Prior to ABC’s grand Verdun-related unveiling, CinemaCity had announced that they will be bringing their cinema experience to Beirut Souks, a souk-mall hybrid that we are all familiar with.
With that, let’s look at the total tally of malls and cinemas in Beirut and immediately around it:
– LeMall in Dbayyeh
– ABC Dbayyeh, less than 200 meters from LeMall
– CityMall, a few kilometers from ABC Dbayyeh
– ABC Achrafieh, a few kilometers from CityMall
– LeMall, Sin el Fil, a few kilometers from ABC Achrafieh
– Beirut Souks, a few kilometers from ABC Achrafieh
– ABC Verdun, a few kilometers from both Beirut Souks and ABC Achrafieh.

All of the above malls have (or will have) multiplex cinemas in them as well.

Which other Lebanese cities have malls other than Beirut? I can think of Saida and that’s mainly because it’s Mr. Hariri’s hometown. If you go North from Beirut, you will find no malls and no cinemas until Las Salinas in the North and City Complex in Tripoli, both cinemas only with the latter having a few stores here and there and both of which are nowhere near decent enough to show movies.

Tripoli is Lebanon’s second biggest city and hasn’t had any major construction projects that found their way to completion even during the periods when the city didn’t experience the clashes that take place today.

And let’s assume Tripoli is a big no-no for political reasons, despite that being downright despicable, what’s wrong in having similar development in Batroun or Jbeil?

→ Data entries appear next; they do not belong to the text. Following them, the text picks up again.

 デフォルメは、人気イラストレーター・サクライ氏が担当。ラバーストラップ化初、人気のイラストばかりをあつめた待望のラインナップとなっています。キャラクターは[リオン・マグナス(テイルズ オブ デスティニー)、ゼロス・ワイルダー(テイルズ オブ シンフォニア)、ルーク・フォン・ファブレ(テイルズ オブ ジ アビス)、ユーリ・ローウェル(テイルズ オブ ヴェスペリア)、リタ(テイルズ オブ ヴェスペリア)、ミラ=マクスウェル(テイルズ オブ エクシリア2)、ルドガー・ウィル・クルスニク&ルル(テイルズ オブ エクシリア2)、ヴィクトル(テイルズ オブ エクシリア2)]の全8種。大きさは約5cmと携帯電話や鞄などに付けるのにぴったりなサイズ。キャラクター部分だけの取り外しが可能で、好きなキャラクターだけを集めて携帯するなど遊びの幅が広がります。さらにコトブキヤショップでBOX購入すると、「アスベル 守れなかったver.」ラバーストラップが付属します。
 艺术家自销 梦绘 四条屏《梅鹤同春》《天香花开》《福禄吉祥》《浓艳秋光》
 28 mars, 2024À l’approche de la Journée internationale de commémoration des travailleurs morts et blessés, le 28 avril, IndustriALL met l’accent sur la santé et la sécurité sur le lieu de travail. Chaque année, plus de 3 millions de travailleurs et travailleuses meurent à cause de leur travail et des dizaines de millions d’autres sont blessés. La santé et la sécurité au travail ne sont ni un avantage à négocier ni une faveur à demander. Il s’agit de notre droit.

You know, something to serve those who don’t want to drive an hour in order to watch a movie to buy a shirt.

So while places like Beirut Souks ruin the idea of an old fashioned Souk and while places like ABC Achrafieh overcrowd neighborhoods that are already beyond crowded with cars and traffic, someone saw it fit to add another mall in an empty space in Beirut. Because the city absolutely needed one.

I won’t go into how malls affect negatively smaller retailers that create bustling streets and bring life to some aspects of urban life in Beirut. A metropolitan place like Beirut should have malls and such projects, there’s no denying that.

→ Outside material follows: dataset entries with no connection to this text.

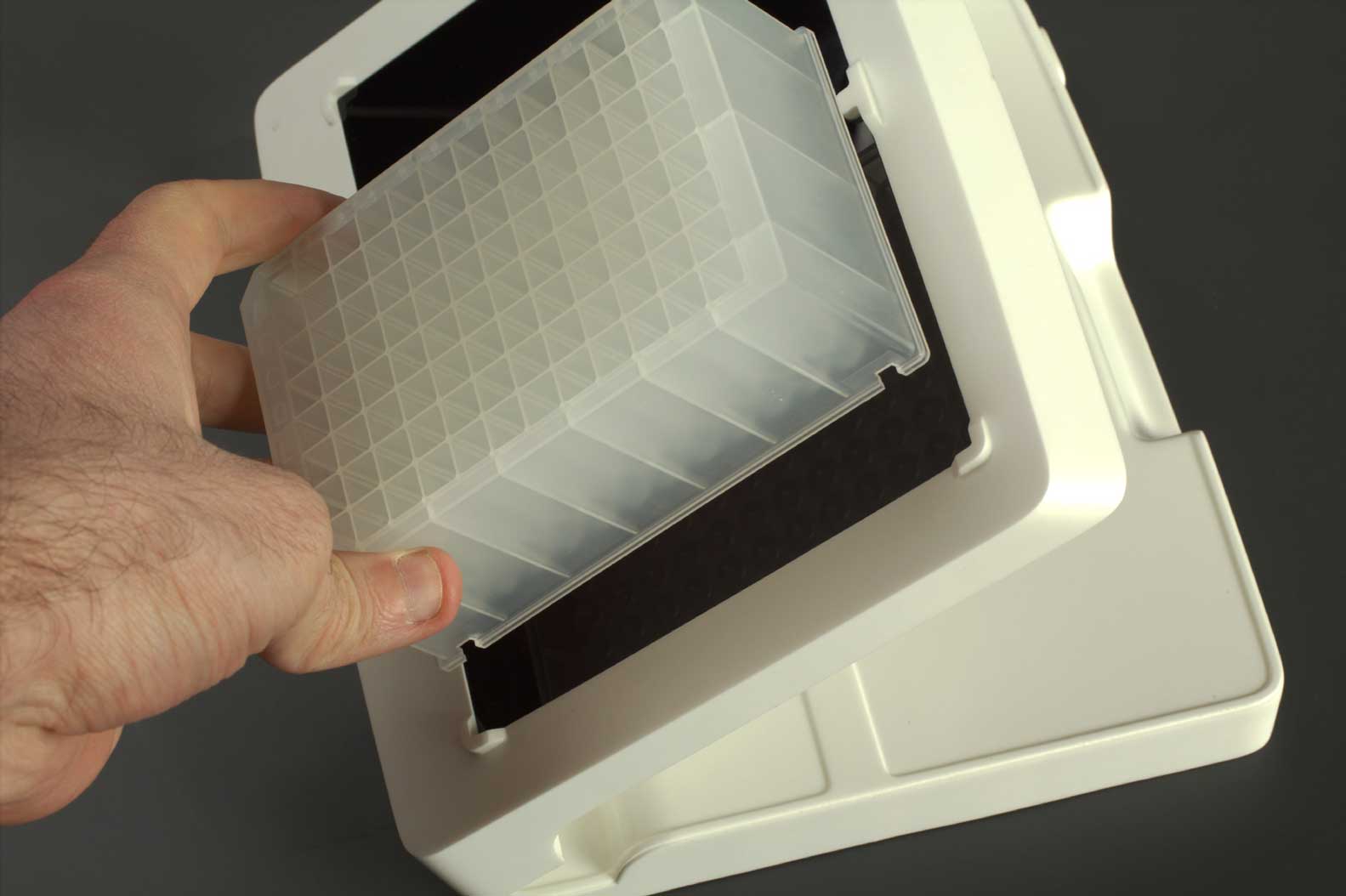 Светодиодная подставка — вещь, необходимая для проведения популярного ПЦР-анализа. На эту подставку в лаборатории устанавливается специальный планшет с пробирками, лаборант на ПК выбирает нужный реагент, а подставка подсвечивает лунки, в которые этот реагент необходимо налить.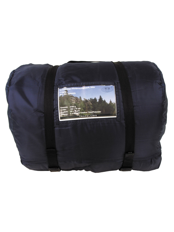 Izraelský pilotnít spacák, v modré barvě. Dvouvrstvý spacák, váha: 1800 g, rozměry: 190 x 75 cm, čelo: 30 x 40 cm, velikost balení: délka 40 cm, průměr 25 cm, materiál: 100% polyester, podšívka: 100% bavlna, náplň: 2 x 200 g / m² dutých vláken / polyester.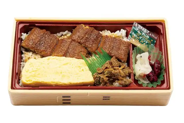 御飯210g、うなぎかば焼き、出汁巻き玉子、あさりしぐれ煮、漬物、山椒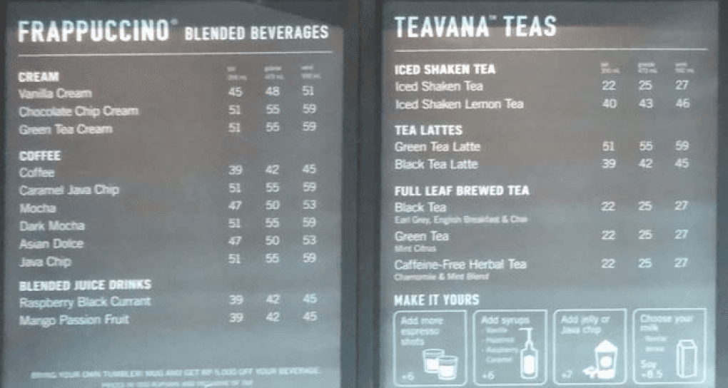 Not only are customers confused about different kind of coffees, but they are also confused about the names of the different cup sizes (Trenta, Grande, etc.), and the additional items (milk, etc.), which can be overwhelming for new customers.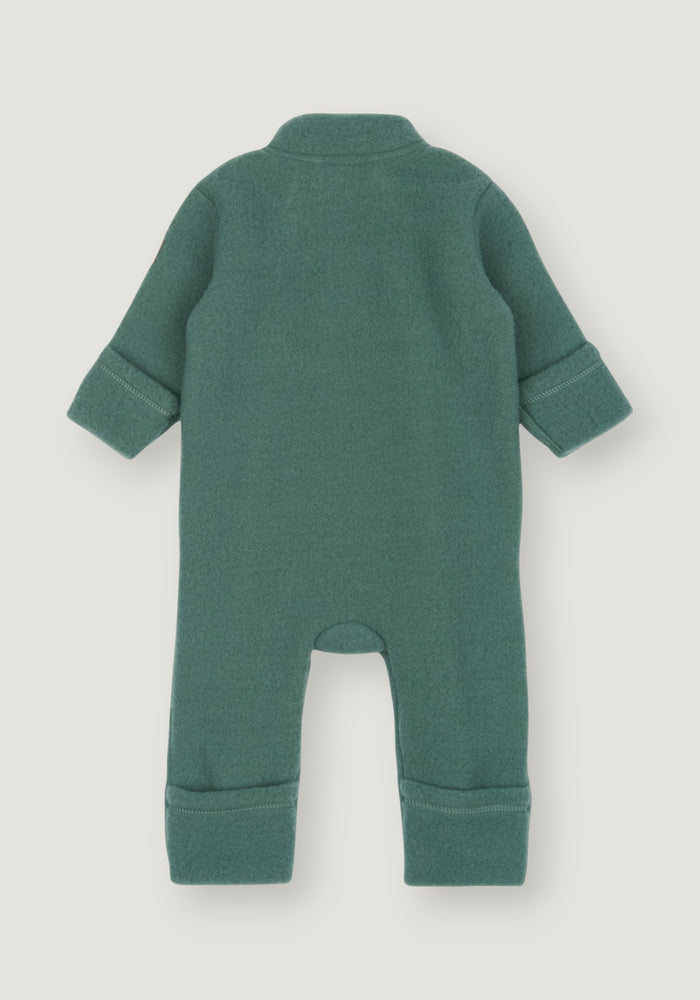 Salopetă cu mănuși și botoși fleece din lână merinos - Balsam Green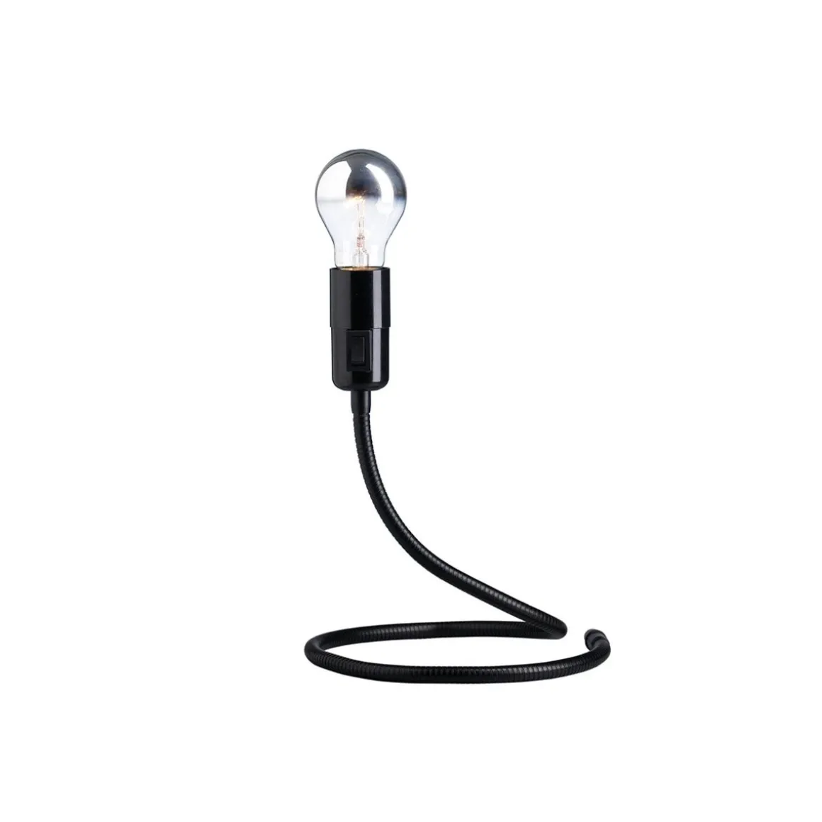 Lightworm de Tecnolumen par Walter Schnepel. Cette lampe se caractérise par sa flexibilité. Sa base est constituée de maillons métalliques flexibles, tandis que sa tête est une ampoule à embout argenté. L’interrupteur est encadré de plastique noir.

But the question is the following: What’s Lebanon’s Mall Centralization limit?

I say it’s until every single empty space in Beirut runs out.

Other places in the country don’t (and won’t have) have similar developmental projects hat would bring jobs and some economic life to arguably an entire region.

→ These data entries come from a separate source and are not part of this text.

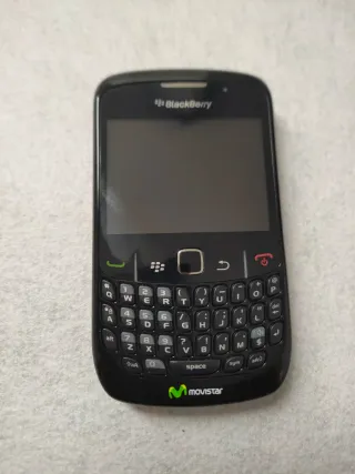 Teléfono móvil BlackBerry Curve 9300 con diseño clásico y teclado QWERTY. - Logotipo de Movistar en el frontal. - Pantalla a color. - Teclado físico completo.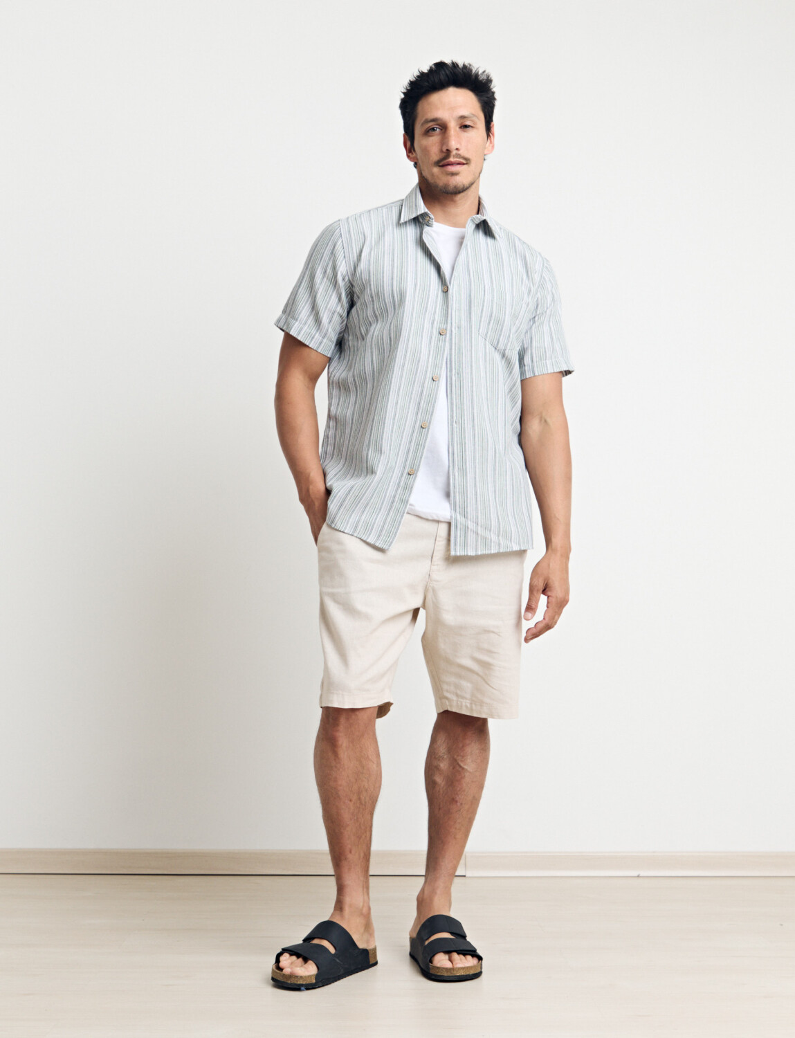 CAMISA HARRINGTON LABEL - Natural/azul
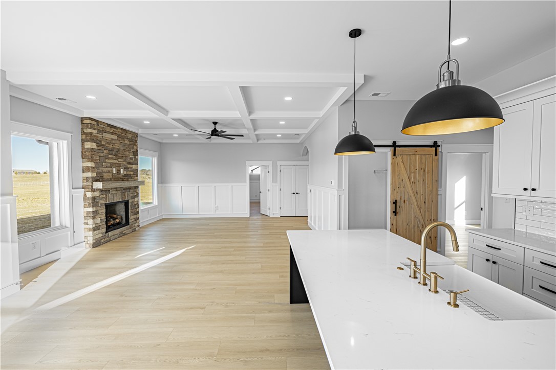 Spectacular brand-new and move in ready 3-bedroom, 3-bath modern farmhouse by Alex Craft Homes with a spacious bonus room, situated on a serene 2+ acre lot. This thoughtfully designed home offers exceptional craftsmanship, timeless style, and elevated finishes throughout—truly everything you’ve dreamed of and more. Built with outstanding quality and attention to detail, this home features gorgeous flooring, stunning countertops, beautiful trim work, and high-end fixtures that create a warm, welcoming, and luxurious feel. As you step inside, you’re greeted by an open-concept living area enhanced by a coffered ceiling and a striking floor-to-ceiling stone fireplace. The gourmet kitchen is a true showstopper—complete with a large island, quartz countertops, soft-close cabinetry, a deep farmhouse sink, convenient pot filler, and top-of-the-line LG appliances. The dining area showcases elegant wood ceiling beams and wainscoting, blending rustic charm with modern sophistication. The spacious primary suite offers a peaceful retreat, highlighted by a sliding barn door and a spa-like bathroom featuring double vanities, marble-style tile flooring, and a beautifully tiled shower. Located in an attractive and desirable area, this home provides both luxury and peace of mind, complete with a builder’s one-year warranty.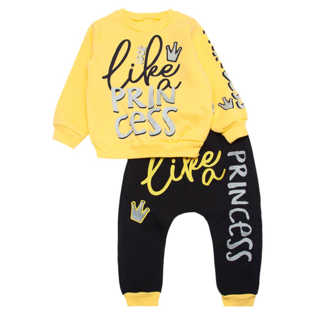 Теплий костюм для дівчинки супер новинка нашого інтернет-магазину. Костюм виконаний з якісного полотна трехнитка начіс. Це полотно користується популярністю за рахунок своїх якостей. Носиться добре, не кошлатиться, не втрачає форму і колір. З такого полотна шиються теплі костюми як для діток, так і дорослих. Дана модель костюма виготовлена в дух кольорах, верх жовтий, низ темний. На джемпері є манжети з стрейча, як і на штанцях, по низу джемпера також стрейч. Родзинкою цього комплекту є поєднання кольорів, а також красиві і стильні фарбування на штанцях і кофтині.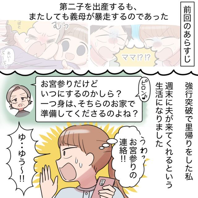 [1]義母から連絡「お宮参りはいつ?」一つ身はお下がりじゃダメですか?ますます義母に嫌われています|ママ広場マンガ

Flipping the coin of Lebanon’s mall centralization, and in broader terms the centralization of capital, economy and development, is rise in poverty and consequently extremism. But there’s no point in caring – Beirut is getting a new mall soon. The other twenty right next to it were not enough.

30 thoughts on “Lebanon’s Mall Centralization

  1. You know that the problem is Elie?

    The Lebanese people.

    I had been away from Lebanon for a year when I visited in December 2011. My family resides in achrafieh and a lot of my friends in metn and keserwan. Whenever I wanted to meet up with a friend, ABC ashrafieh and City Mall would always be suggested as a meeting place.

    I tried to reject the idea whenever I could, simply because I found it degrading for us a a country with beautiful scenery, a coastline along the whole country, mountains and hills to limit ourselves to an indoor-crowded space, with all that it does is promote consumerism and create traffic.

    I understood the need for malls when I was in the deserty dubai.
    I understand the need for malls here in Minnesota where the average temperature from December through March does not go beyond 5 degrees celsius.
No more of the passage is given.